* Work item *
Repeat the data exactly as given below, dropping every picture.

(Records contained in a dataset)

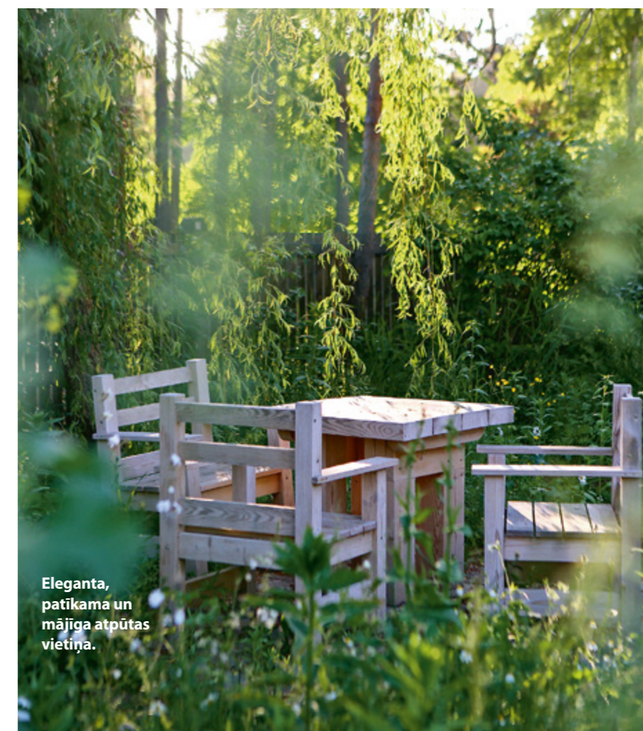
Eleganta, patīkama un mājīga atpūtas vietiņa.

No virtuves dārza neskartajā zonā ved dažus soļus gara taciņa. Tās likumā zem skaisti nokareniem sēru vītola zariem iekārtota mīlīga atpūtas vietiņa. Flīzes tajā speciāli klātas ar atstarpēm, lai pa vidū dabiski var iedzīvoties zāles un nezāles. Mēbeles izdomājis pats saimnieks, un meistari tās uztaisījuši no ēkas būvniecībā pāri palikušajiem kokmateriāliem. Tā tapuši arī pārējie dārza soliņi, kas ik uz soļa piedāvā iespēju piesēst un baudīt dārzu. JK
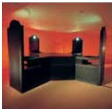
Træ, glas, olie, pumpe. Mål: 4,74 x 4,14 x 2,05 m.
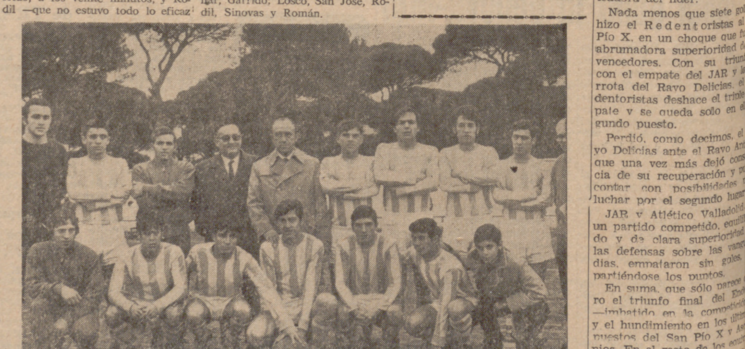
Cuando aún falta una jornada, el Real Valladolid ya es campeón y jugará la fase de ascenso a Tercera. En el grabado, el equipo blanquívioleta cuando todavía contaba con Lastras y Valentín.

En suma, que sólo por el triunfo del Real Valladolid —imbatido en la competición— y el hundimiento en los últimos puestos del San Pío X y Asclepios. El resto de los equipos del equipo no es manifestado en la clasificación puede sufrir en las próximas jornadas muchas variaciones.
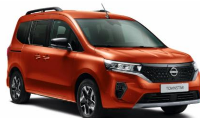
Oranžová Terracotta CNZ – 600 €
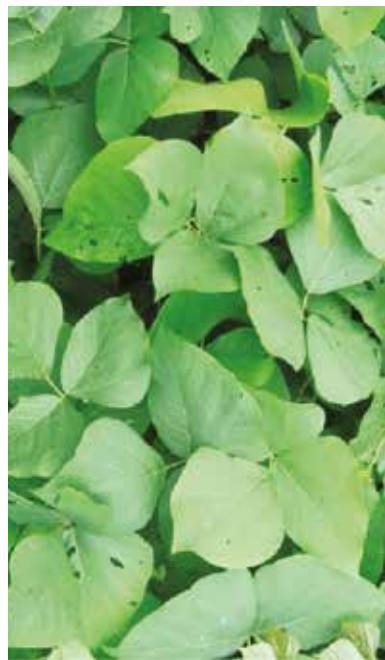
Mucuna ( Mucuna bracteata )
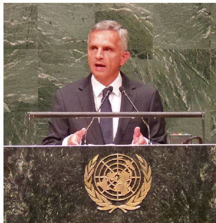
Rede anlässlich der 69. Generalversammlung der UNO in New York, 24. bis 26. September 2014.

gesetzt werden. In Basel am Ministerrat konnten wir jedoch einen Konsens erreichen zu einer Deklaration des Rates, in dem sich die 57 zur Weiterführung des
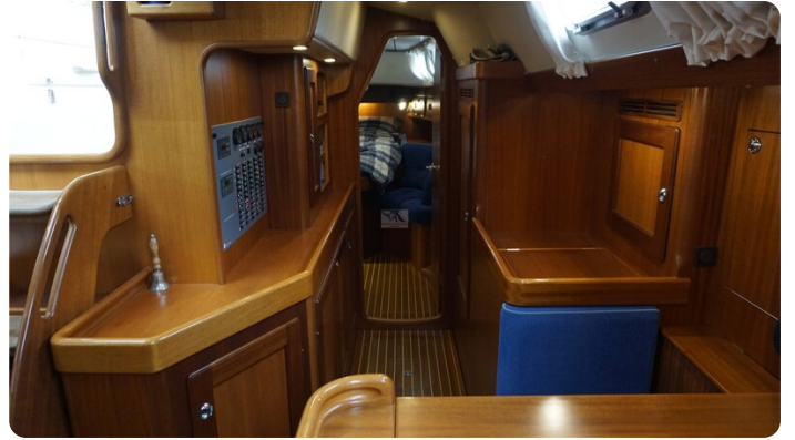
Hallberg Rassy 48 AURORA 28
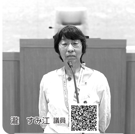
録画配信はこちら
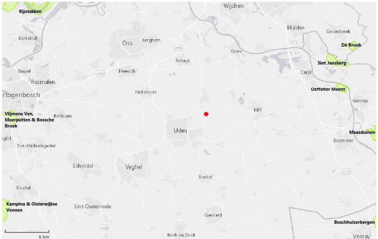
Figuur 4.2. Ligging van het plangebied (rode stip) ten opzichte van Natura-2000 gebieden (groen weergegeven).
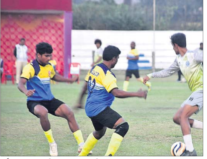
ଚୁନାମେଣ୍ଟରେ ଖେଳାଳିଙ୍କ ମଧ୍ୟରେ ଆୟୋଜିତ ସୁବର୍ଣ୍ଣ ମ୍ୟାଚ।

ପାରାଦୀପର ଗୋପବନ୍ଧୁ ଷ୍ଟାଡ଼ିୟମରେ ଚାଲିଥିବା ୪୬ତମ ସର୍ବଭାରତୀୟ ବୃହତ୍ତରମ ସୁବର୍ଣ୍ଣ ଚୁନାମେଣ୍ଟ ଗୁରୁବାର ଲିଗ୍ ପର୍ଯ୍ୟାୟ ଖେଳ ଶେଷ ହୋଇଛି। ଏଥିରୁ ୪ଟି ଟିମ ସେମିପାଇନାଲରେ ପହଞ୍ଚିଛନ୍ତି। ସେମାନେ ହେଲେ ମୁମ୍ବାଇ, ଚେନ୍ନାଇ, ପାରାଦୀପ ଓ ଭିଓସି। ଗୁରୁବାର ପ୍ରଥମ ମ୍ୟାଚ କୋଚିନ ବିଖାଖାପାଟଣା ମଧ୍ୟରେ ହୋଇଥିଲା। ତାହା ଅମାମାସିତ

* Result for this exercise *
Eleganta, patīkama un mājīga atpūtas vietiņa.

No virtuves dārza neskartajā zonā ved dažus soļus gara taciņa. Tās likumā zem skaisti nokareniem sēru vītola zariem iekārtota mīlīga atpūtas vietiņa. Flīzes tajā speciāli klātas ar atstarpēm, lai pa vidū dabiski var iedzīvoties zāles un nezāles. Mēbeles izdomājis pats saimnieks, un meistari tās uztaisījuši no ēkas būvniecībā pāri palikušajiem kokmateriāliem. Tā tapuši arī pārējie dārza soliņi, kas ik uz soļa piedāvā iespēju piesēst un baudīt dārzu. JK
Træ, glas, olie, pumpe. Mål: 4,74 x 4,14 x 2,05 m.
Cuando aún falta una jornada, el Real Valladolid ya es campeón y jugará la fase de ascenso a Tercera. En el grabado, el equipo blanquívioleta cuando todavía contaba con Lastras y Valentín.

En suma, que sólo por el triunfo del Real Valladolid —imbatido en la competición— y el hundimiento en los últimos puestos del San Pío X y Asclepios. El resto de los equipos del equipo no es manifestado en la clasificación puede sufrir en las próximas jornadas muchas variaciones.
Oranžová Terracotta CNZ – 600 €
Mucuna ( Mucuna bracteata )
Rede anlässlich der 69. Generalversammlung der UNO in New York, 24. bis 26. September 2014.

gesetzt werden. In Basel am Ministerrat konnten wir jedoch einen Konsens erreichen zu einer Deklaration des Rates, in dem sich die 57 zur Weiterführung des
Hallberg Rassy 48 AURORA 28
録画配信はこちら
Figuur 4.2. Ligging van het plangebied (rode stip) ten opzichte van Natura-2000 gebieden (groen weergegeven).
ଚୁନାମେଣ୍ଟରେ ଖେଳାଳିଙ୍କ ମଧ୍ୟରେ ଆୟୋଜିତ ସୁବର୍ଣ୍ଣ ମ୍ୟାଚ।

ପାରାଦୀପର ଗୋପବନ୍ଧୁ ଷ୍ଟାଡ଼ିୟମରେ ଚାଲିଥିବା ୪୬ତମ ସର୍ବଭାରତୀୟ ବୃହତ୍ତରମ ସୁବର୍ଣ୍ଣ ଚୁନାମେଣ୍ଟ ଗୁରୁବାର ଲିଗ୍ ପର୍ଯ୍ୟାୟ ଖେଳ ଶେଷ ହୋଇଛି। ଏଥିରୁ ୪ଟି ଟିମ ସେମିପାଇନାଲରେ ପହଞ୍ଚିଛନ୍ତି। ସେମାନେ ହେଲେ ମୁମ୍ବାଇ, ଚେନ୍ନାଇ, ପାରାଦୀପ ଓ ଭିଓସି। ଗୁରୁବାର ପ୍ରଥମ ମ୍ୟାଚ କୋଚିନ ବିଖାଖାପାଟଣା ମଧ୍ୟରେ ହୋଇଥିଲା। ତାହା ଅମାମାସିତ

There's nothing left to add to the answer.